Brainlife App to reject bad data segments and/or channels MNE-Python raw.info['bads'], and mne.Annotations.

Documentation

Input files are:

  • a MEG file in fif format (mne/raw).

Input parameters are:

  • Bads: str , The comma-separated channels to reject (e.g. "MEG2422,MEG2321").

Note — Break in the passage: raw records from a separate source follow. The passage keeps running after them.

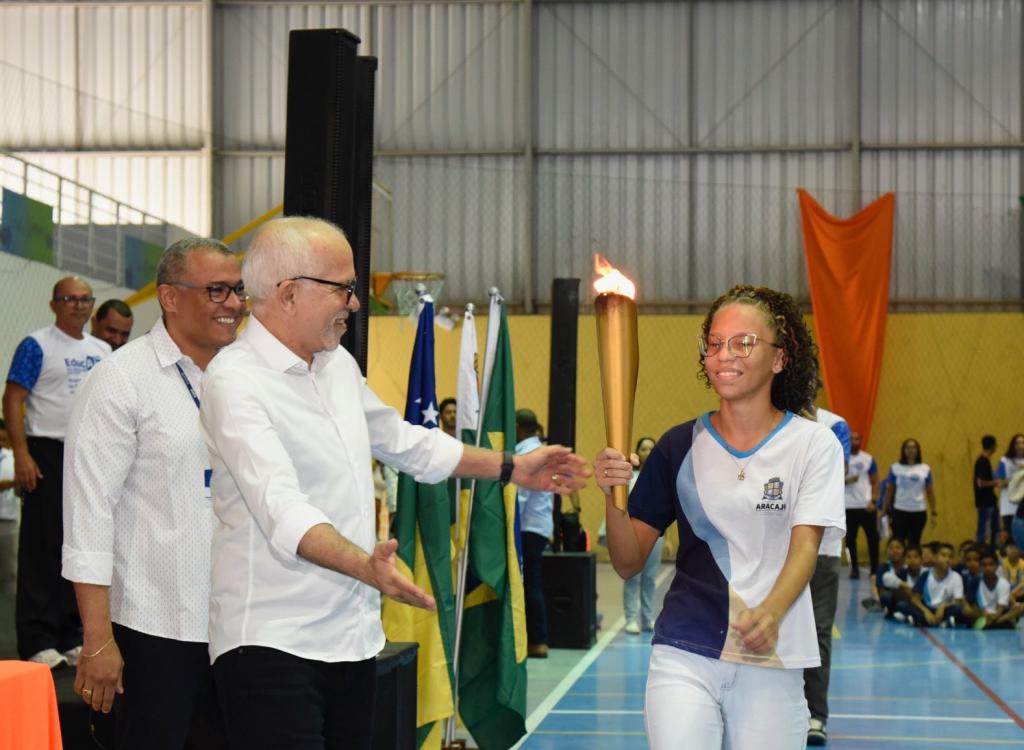 “Este é um momento de grande alegria para todos nós. Pedi, pessoalmente, ao secretário da Educação para que voltássemos a realizar esta importante competição, que movimenta a nossa rede de forma tão especial. A primeira edição dos Jogos Escolares aconteceu em 2019, mas infelizmente, em virtude da pandemia do novo coronavírus, precisamos suspender nos últimos anos. Hoje, ele está de volta, para estimular a prática esportiva pelos estudantes e para incentivá-los a desenvolver as suas habilidades. Fico muito feliz com a participação expressiva dos nossos estudantes neste evento que ajuda na formação e na disciplina.Tenho certeza de que eles farão bonito”, afirmou o prefeito após acender a pira olímpica acompanhado da estudante Alana Mikaela Fontes Santos, da Escola Municipal de Ensino Fundamental (Emef) Professor José Antônio da Costa Melo.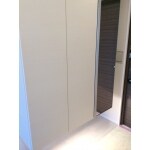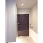 下駄箱下に照明を設置し、足元が明るくなりました。鏡付きなので、お出かけ前に全身をチェックできます。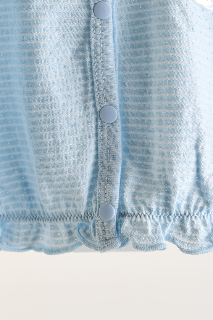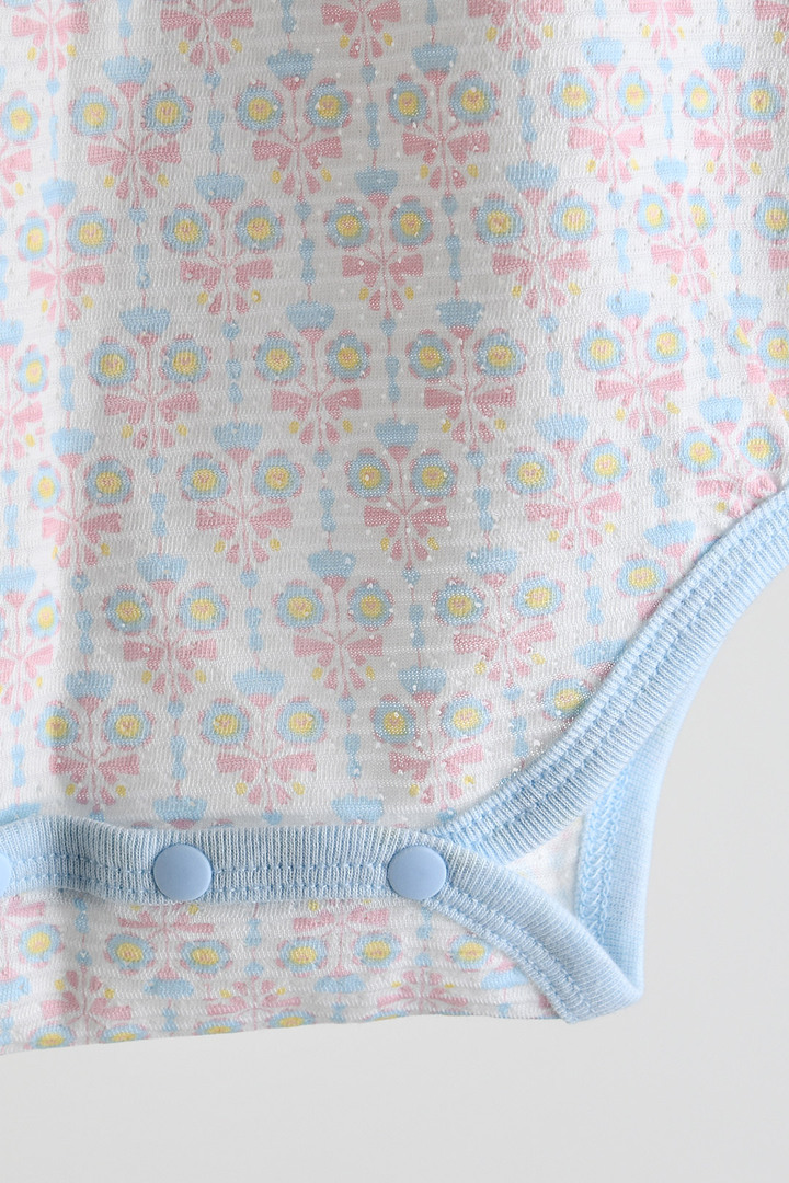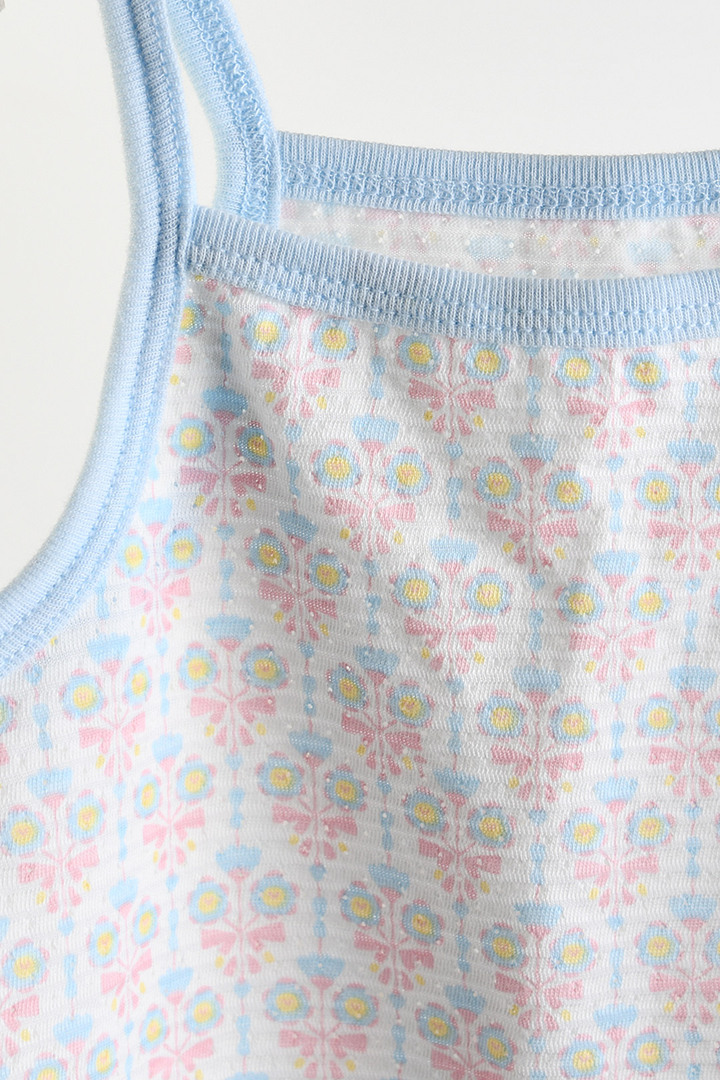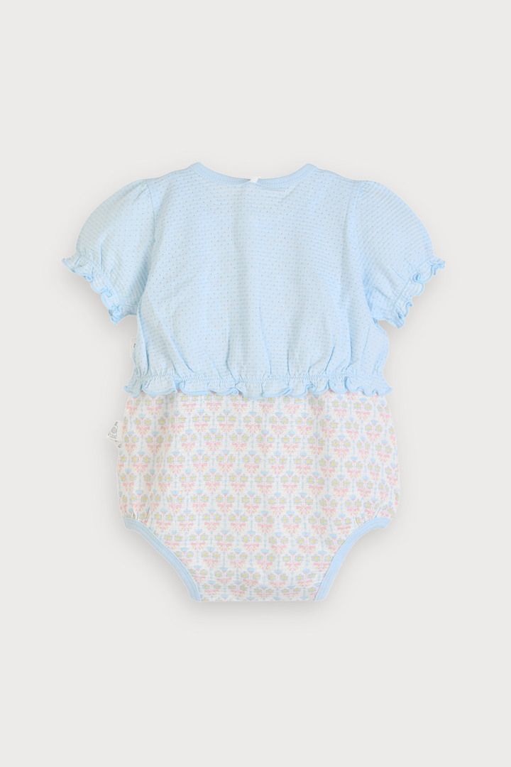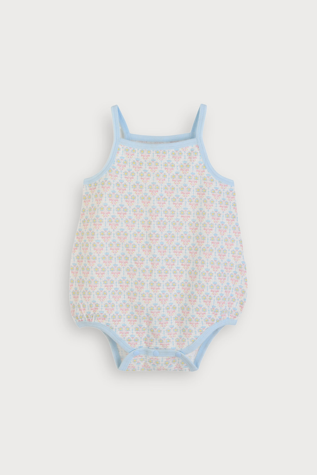 빠른 속도로 땀을 흡수하고 건조시켜 피부에 시원함을 유지해주는 쿨에버 소재를 사용하고, 모이몰른의 유니크한 플라워 무드가 잘 표현된 나염의 나시 바디슈트와 가디건을 함께 구성해 실내에서는 내복으로, 외출 시에는 가볍게 걸쳐 입을 수 있도록 디자인한 실용적인 나시 바디수트 세트.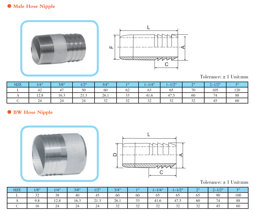 用于液壓油路、氣壓管路快速連接的接頭。一般分為寶塔公插頭和寶塔母插頭兩類。適用于以油、水、空氣為介質的場合。裝卸方便,性能可靠。 螺紋標準有NPT BSPT ISO G螺紋。 加工方式分為套絲加工和數控加工,優質質量,價格有競爭力,品質保證。 管子規格尺寸齊全,支持加工定制,標識打字。 可出口包裝,也可根據客戶要求小包裝,供貨于國內外大型超市批發。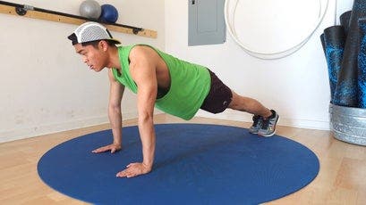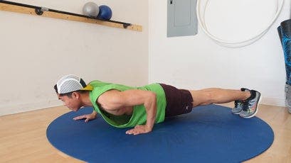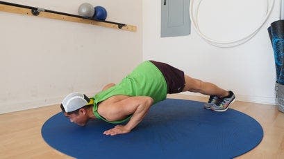 From a standard push-up position, move one hand forward and the other backward so they’re offset by about six to 12 inches (the farther, the more difficult). Bend your elbows to lower your chest until it is slightly below the level of your bent elbow, and then extend your elbows to push back up to the starting position. Keep your elbows tight to your body throughout the movement. After one or more repetitions, switch the fore and aft positions of your hands to work each side evenly.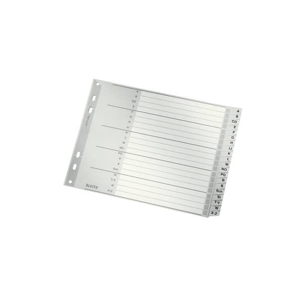 Leitz Kunststoffregister 1262 1262-00-00, A bis Z, A4+ halbe Höhe, 120µm, graue Taben, 20-teilig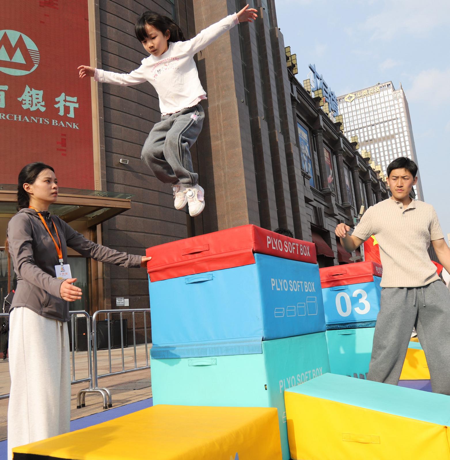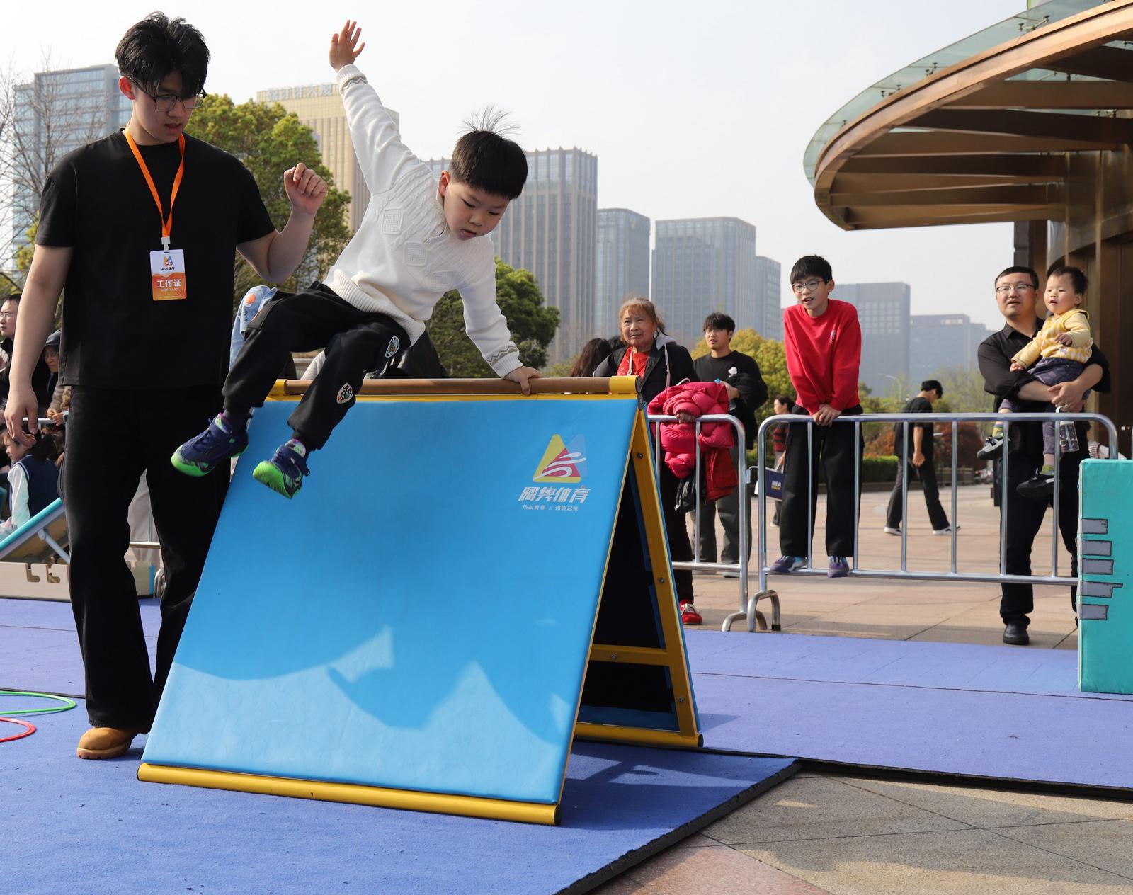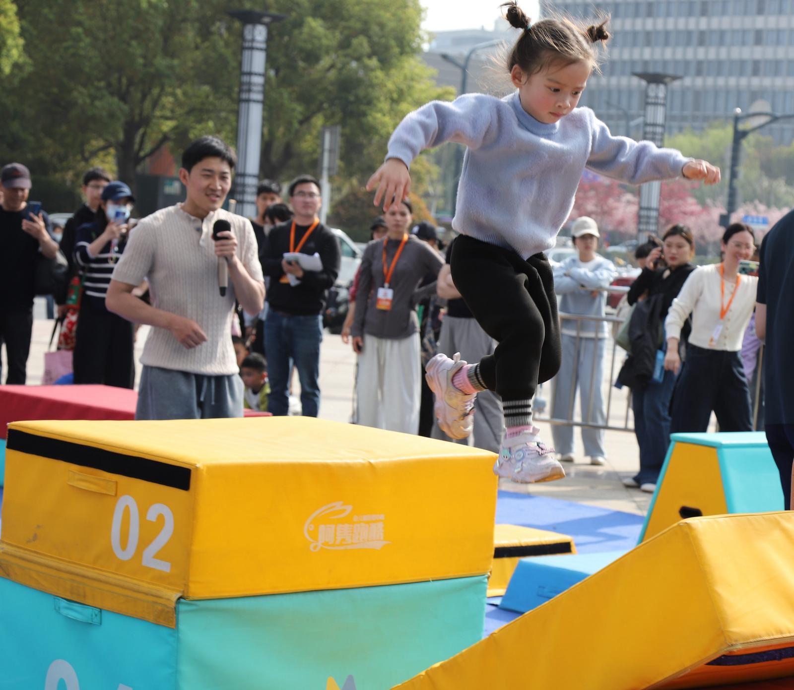 南通少儿勇士跑酷“炫技” 城市赛点燃春日活力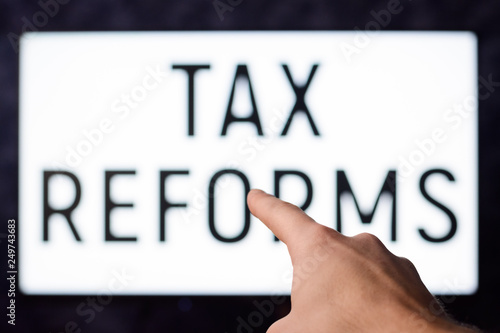 Man pointing to a screen with inscription TAX REFORMS in order to inform people about reforms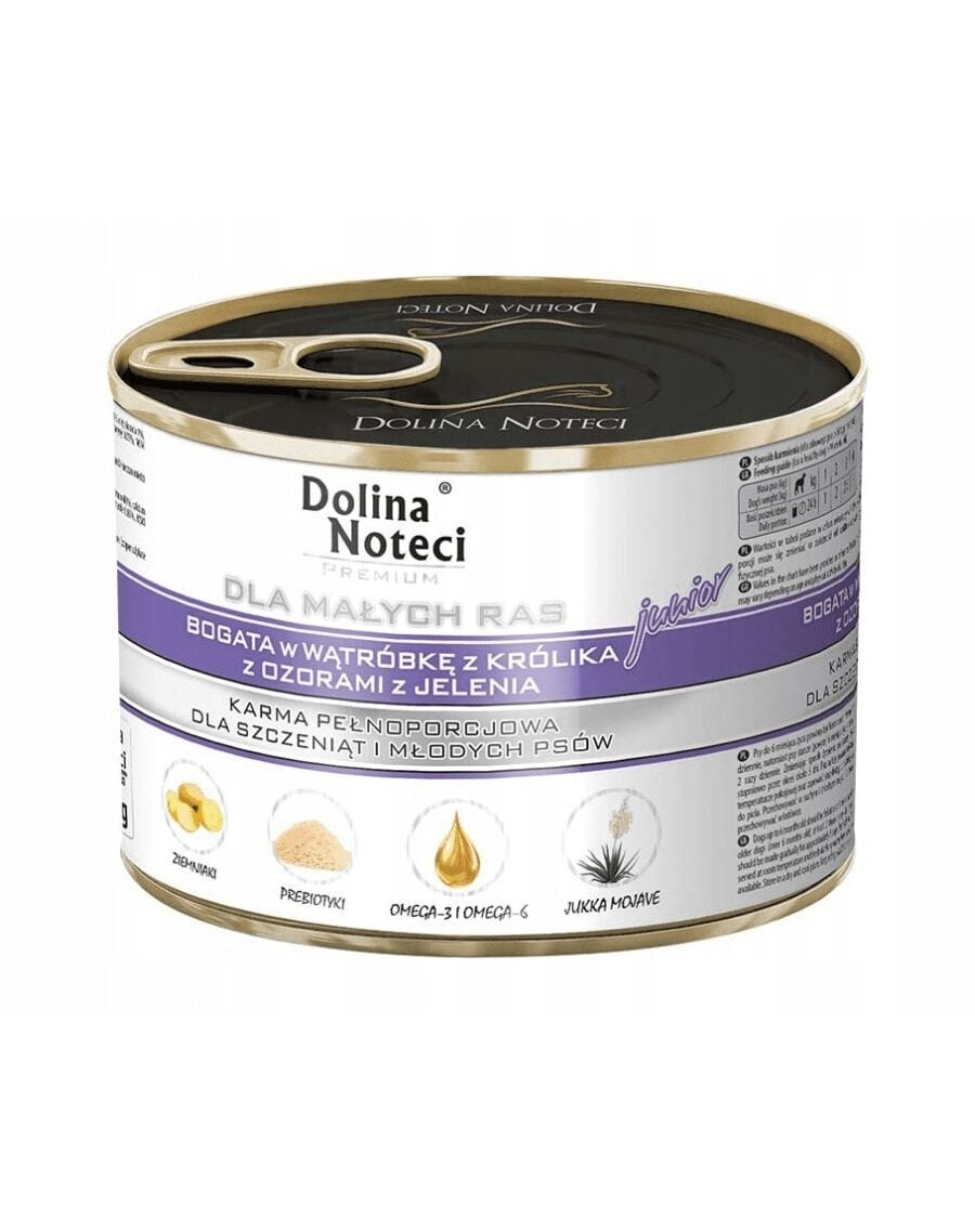 Šis maistas išsiskiria didele lengvai virškinamų baltymų verte ir yra idealus visaverčių baltymų šaltinis. Triušienoje ir elnieno mėsoje gausu vitaminų, kurie palaiko šuns imuninę sistemą, nes joje yra geležies, seleno, vario ir cinko. Jie taip pat padeda palaikyti puikią jūsų augintinio odos ir kailio būklę. Šiame maiste, kaip ir kituose "Dolina Noteci PREMIUM" linijos produktuose, rasite vitaminų B6, B12, niacino ir kalio.

  • annotations: str , A multiline text describing segments to discard, following a format compatible with mne.Annotations: "start, duration, description[, channels]"

    For instance:

    2, 1, bad_segment
    5, 1, more_selective, MEG2422, MEG2321
    

    will create two annotations, one named "bad_segment" starting at 2s, with duration 1s, and second one named "more_selective" focused on channels MEG2422 and MEG2321, starting at 5s, with duration 1s.

Ouput files are:

  • the updated MEG file in fif format (mne/raw), where raw.info['bads'] has been updated, and with added raw.annotations.

Authors

Funding Acknowledgement

brainlife.io is publicly funded and for the sustainability of the project it is helpful to Acknowledge the use of the platform. We kindly ask that you acknowledge the funding below in your code and publications. Copy and past the following lines into your repository when using this code.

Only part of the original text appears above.